Another possibility is that the virus is just a trigger for a genetic or epigenetic process.  If it is an inherited genetic anomaly, it was always present, like the gene that often leads to breast cancer, it is like a ticking time bomb; it may or may not explode in your lifetime.  If it is epigenetic then the process is like a bookmark, rather than a genetic defect, that turns on something that should be off, or vice versa.  Regardless of genetic or epigenetic, once you know what gene is affected, you may be able to figure out a way to counter it.  Just like in my PolyPill research, I read that it was already known in autism there may be a defect in the CACNA1C gene. The CACNA1C gene produces the calcium channel Cav1.2.  So I just needed to look at this Cav1.2 channel and figure out how to modify its behavior, just in case it was linked to my son’s particular type of autism.  This only took a few hours to figure out; it took longer to test it and even longer to write about it.

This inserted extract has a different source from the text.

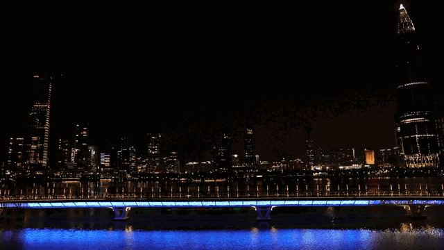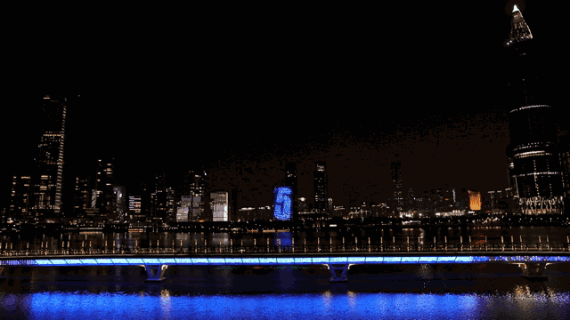 少顷,一声“春雷”乍响。只见绚烂灯光一瞬间点亮彼岸的楼群,光影在楼宇间升腾、翻涌,流光、溢彩,与墨蓝的夜空交相辉映。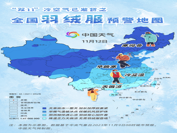 双十一冷空气已发货!全国羽绒服预警地图出炉 三分之二国土需羽绒服护体

It is quite likely that many of the people with double-tap autism have the same underlying dysfunctions, and so what helps one could help many.  This was also the case with PANDAS/PANS.

I hope somebody, vaguely scientific, eventually does try and help people with this kind of autism.  It should be less difficult than classic autism, which turns out to be treatable after all.  But don’t hold your breath and, as I tell my older son, if a job is worth doing, best do it yourself.  That is unless you have Dr Swedo on your case.